> [PROBLEM STATEMENT] Look below for the line that has "Potocki damsportstövlar med"; output exactly from it through the line that has "- Vintage Capacity", and leave the pictures out.

> [SUPPLIED DATA]
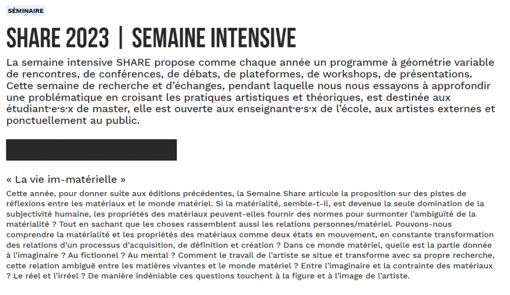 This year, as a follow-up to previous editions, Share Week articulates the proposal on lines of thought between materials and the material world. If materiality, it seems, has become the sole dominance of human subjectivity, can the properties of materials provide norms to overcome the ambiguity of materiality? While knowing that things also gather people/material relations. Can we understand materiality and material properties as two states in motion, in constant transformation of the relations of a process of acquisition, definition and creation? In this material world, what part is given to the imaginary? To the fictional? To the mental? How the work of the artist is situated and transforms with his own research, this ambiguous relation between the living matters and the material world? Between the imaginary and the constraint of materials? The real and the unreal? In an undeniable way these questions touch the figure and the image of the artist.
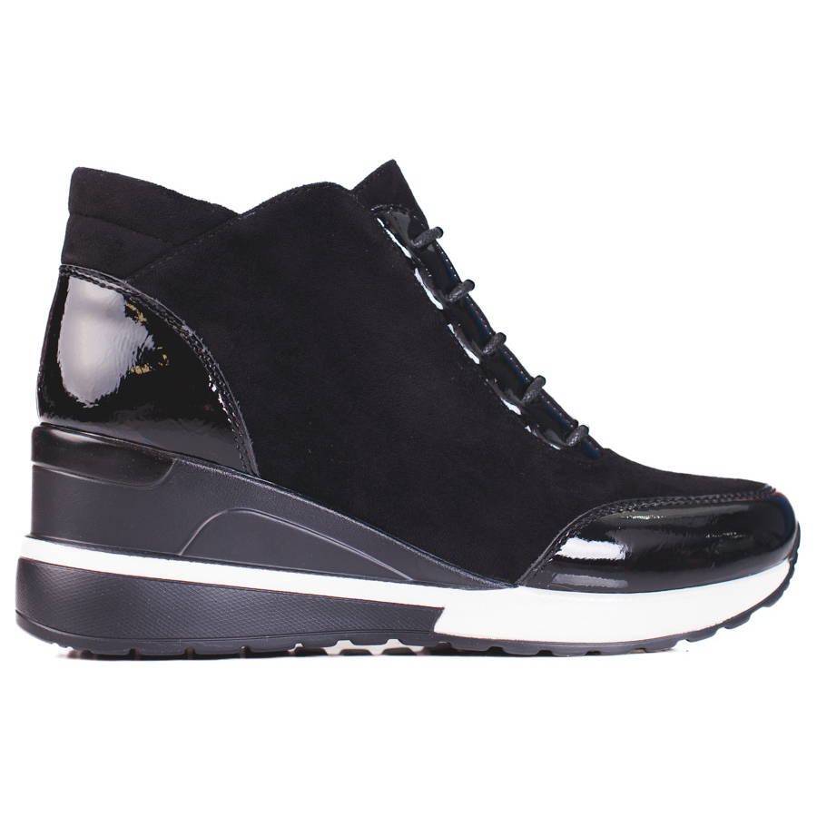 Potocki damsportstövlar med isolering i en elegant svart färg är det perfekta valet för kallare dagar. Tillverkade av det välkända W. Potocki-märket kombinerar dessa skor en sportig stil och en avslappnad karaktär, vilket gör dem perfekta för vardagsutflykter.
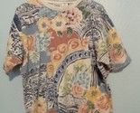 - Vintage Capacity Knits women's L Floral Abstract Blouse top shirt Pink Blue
* * *
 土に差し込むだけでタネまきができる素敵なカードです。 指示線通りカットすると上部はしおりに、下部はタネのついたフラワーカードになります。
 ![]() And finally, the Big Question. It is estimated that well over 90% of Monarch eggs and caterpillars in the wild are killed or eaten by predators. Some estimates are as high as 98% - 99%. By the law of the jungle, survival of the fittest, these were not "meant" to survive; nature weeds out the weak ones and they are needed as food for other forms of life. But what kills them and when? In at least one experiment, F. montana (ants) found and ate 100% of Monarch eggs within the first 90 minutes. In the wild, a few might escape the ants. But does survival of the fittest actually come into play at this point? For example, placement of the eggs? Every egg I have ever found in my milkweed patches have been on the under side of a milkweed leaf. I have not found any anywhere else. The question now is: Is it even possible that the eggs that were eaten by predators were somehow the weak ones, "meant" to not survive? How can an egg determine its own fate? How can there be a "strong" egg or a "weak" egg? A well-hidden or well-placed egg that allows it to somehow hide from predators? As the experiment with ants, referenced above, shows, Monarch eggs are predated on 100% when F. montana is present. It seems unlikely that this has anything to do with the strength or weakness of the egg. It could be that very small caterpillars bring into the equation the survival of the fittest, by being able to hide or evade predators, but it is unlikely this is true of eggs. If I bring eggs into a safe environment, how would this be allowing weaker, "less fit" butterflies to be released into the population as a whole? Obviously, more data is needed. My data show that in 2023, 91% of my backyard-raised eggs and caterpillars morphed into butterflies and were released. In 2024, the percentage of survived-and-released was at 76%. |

> [RESULT FOR THIS TASK]
 Potocki damsportstövlar med isolering i en elegant svart färg är det perfekta valet för kallare dagar. Tillverkade av det välkända W. Potocki-märket kombinerar dessa skor en sportig stil och en avslappnad karaktär, vilket gör dem perfekta för vardagsutflykter.
 - Vintage Capacity Knits women's L Floral Abstract Blouse top shirt Pink Blue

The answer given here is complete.